Voorbeeld : ...,01 BEF tot en met ...,49 BEF wordt afgerond naar de lagere eenheid; ...,50 BEF of meer wordt afgerond naar de hogere eenheid.

Art. 8.Onverminderd bestaande afrondingsregels worden, voor de omrekening in Euro, alle bedragen uitgedrukt met twee decimalen na de eenheid.

Art. 9.Alle verhogingen of aanpassingen van de minimumuurlonen op het minimumuurloon van de hulpwerkman (spanning 100) toegepast en schommelen voor de andere categorieën volgens de hierna bepaalde loonspanning : Voor de raadpleging van de tabel, zie beeld

Art. 10.Wanneer een verhoging samenvalt met een aanpassing, wordt de verhoging eerst toegepast. HOOFDSTUK V. - Slotbepalingen

Art. 11.Deze collectieve arbeidsovereenkomst vervangt de collectieve arbeidsovereenkomst van 12 juni 1997 gesloten in het Paritair Subcomité voor de edele metalen betreffende de loonvorming, geregistreerd op 3 oktober 1997, onder het nummer 45521/CO/149.03.

Art. 12.Deze collectieve arbeidsovereenkomst heeft uitwerking met ingang van 1 januari 1999 en is gesloten voor onbepaalde tijd.

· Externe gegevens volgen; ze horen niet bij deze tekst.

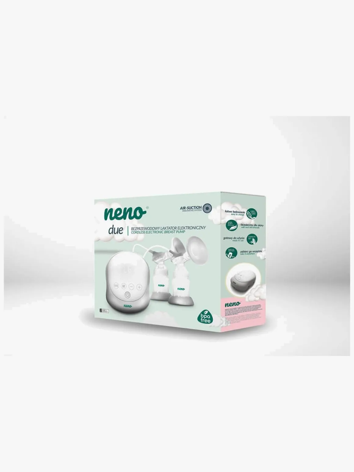 Neno Due har en indbygget stimuleringsindstilling, som du bruger til at stimulere mælkekirtlerne med inden udmalkning, hvilket giver en bedre mælkestrøm. Du kan indstille enheden efter egne behov og vælge, om du vil pumpe fra det ene eller begge bryster samtidigt. Efter 30 minutters inaktivitet slukker pumpen automatisk.
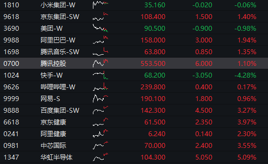 盘面上,科网股多数上涨,腾讯、阿里均涨超1%,百度涨超3%,快手逆势大跌超4%。
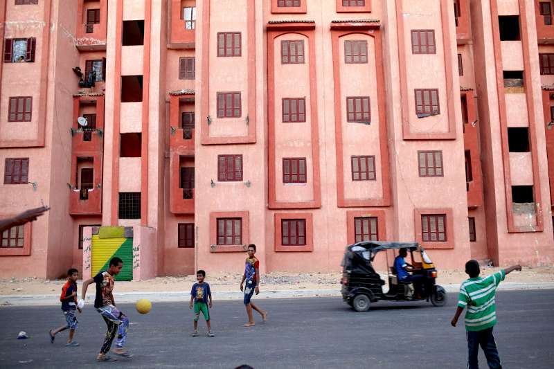 Syrian and Egyptian children play football in an impoverished neighborhood of the 6th of October City outside of Cairo. Egypt had been extremely welcoming to Syrians fleeing the war in their homeland.
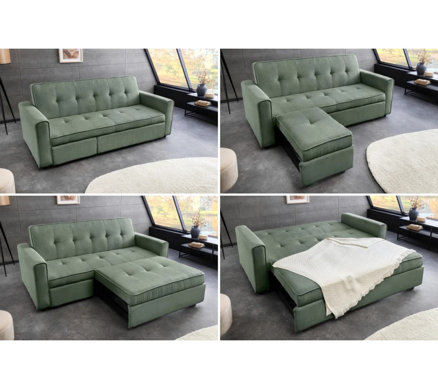 Moderní zelená rozkládací dvoumístná sedačka Lefan je stylovým a funkčním řešením pro současné interiéry, kde je kladen důraz na flexibilitu, komfort a výraznější barevný akcent. Elegantní tvar s bočními opěrkami působí vyváženě a poskytuje příjemnou oporu při každodenním používání.
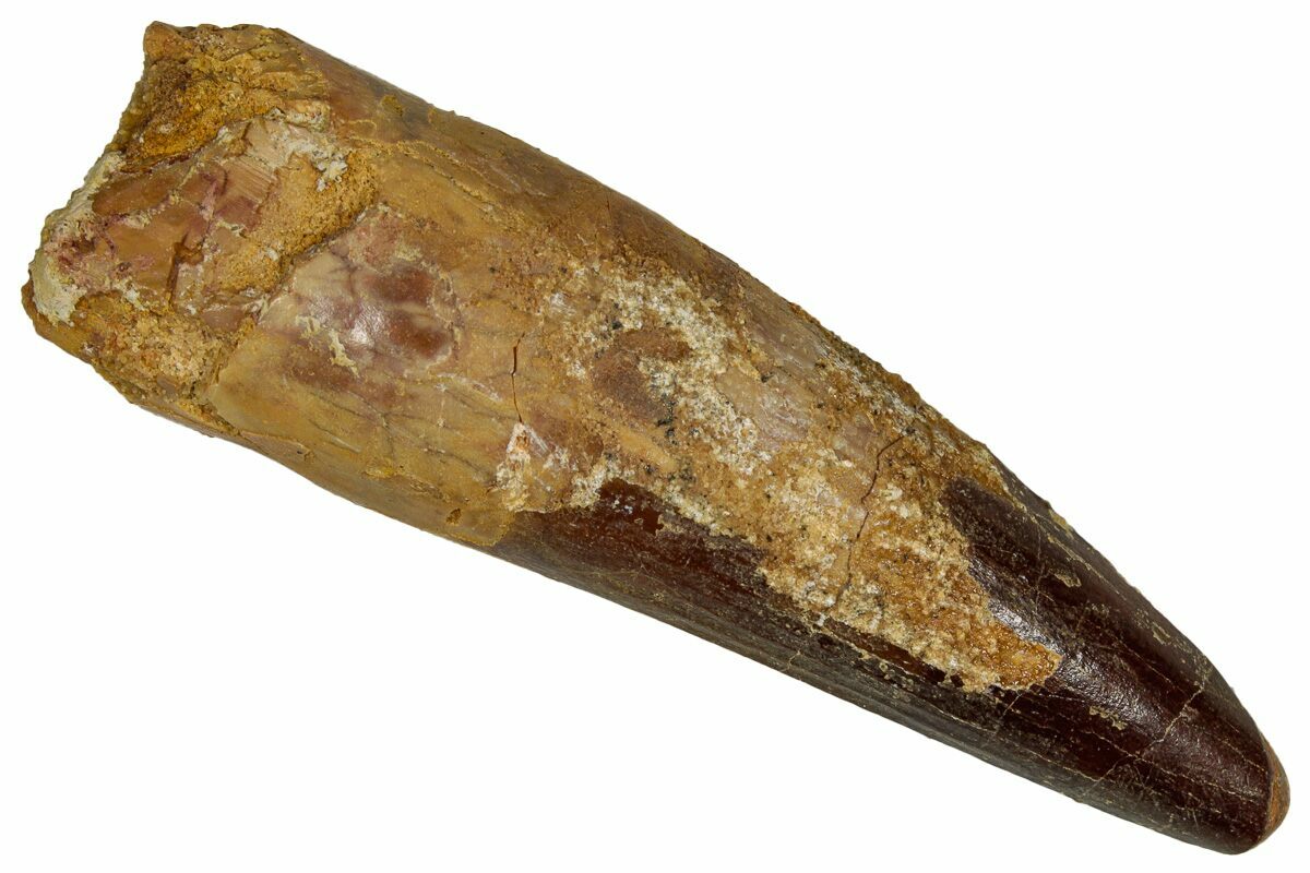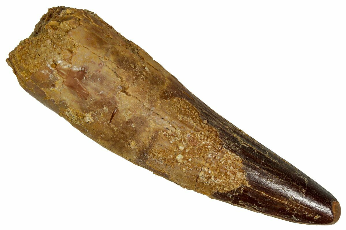This is a 2.55" long Spinosaurus tooth from the Kem Kem Beds of Morocco. It is Late Cretaceous in age, approximately 95 million years old.
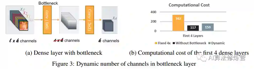 2、这里1×1卷积的作用是固定输出通道数,达到降维的作用。当几十个Bottleneck相连接时,Concatnate后的通道数会增加到上千,如果不增加1×1的卷积来降维,后续3×3卷积所需的参数量会急剧增加。1×1卷积的通道数通常是GrowthRate的4倍。
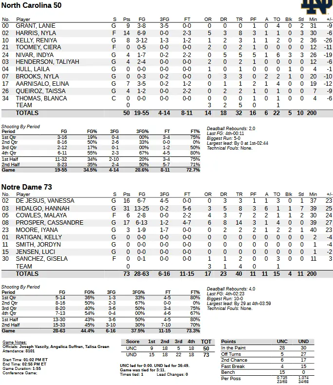 UNC missed its first six shots after the break before an Elina Aarnisalo jumper finally ended a nearly five-minute drought in the middle of a 16–2 Notre Dame run. De Jesus buried three straight 3-pointers during that stretch.
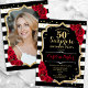 Yes, you can print on the back of your invitation for free! Most designs already have a corresponding design on the back that can be personalized using the Design Tool and going to Layers. This is a great way to communicate more information or further personalize your Black White Red Photo Surprise 50th Birthday Invitation. The option is really up to you.
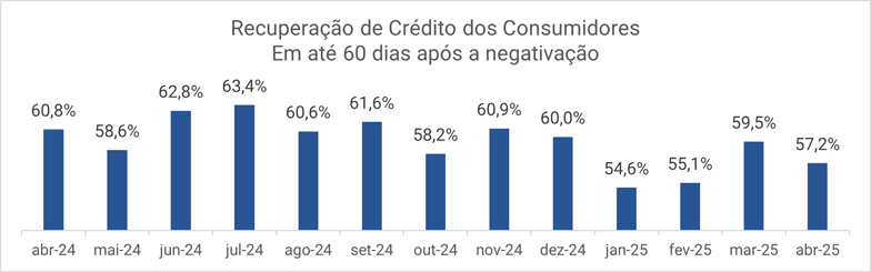 As dívidas mais caras (acima de R$ 10 mil) foram as mais sanadas em até 60 dias após a negativação em abril, com 68,6% de recuperação. Para conferir mais informações e a série histórica do indicador, acesse a página oficial clicando aqui.
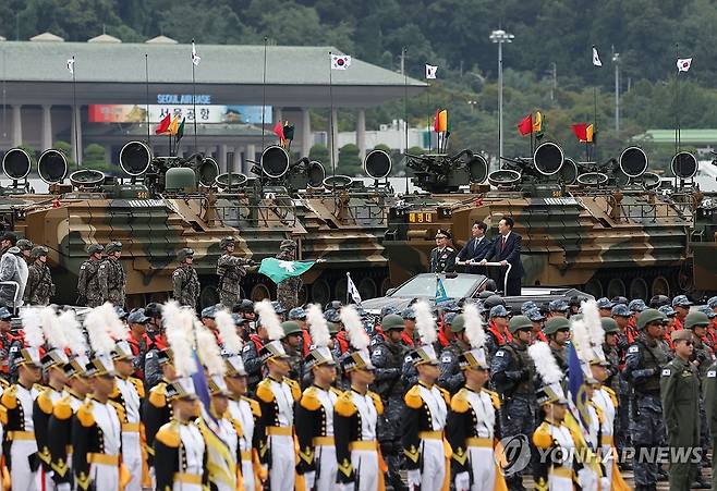 (성남=연합뉴스) 홍해인 기자 = 윤석열 대통령이 1일 성남 서울공항에서 열린 건군 76주년 국군의날 기념식에서 국군 부대를 사열하고 있다. 2024.10.1 [대통령실통신사진기자단]

Zij kan door één van de partijen opgezegd worden met een opzegging van drie maanden, betekend bij een ter post aangetekende brief, gericht aan de voorzitter van het Paritair Subcomité voor de edele metalen.

Gezien om te worden gevoegd bij het koninklijk besluit van 10 augustus 2001.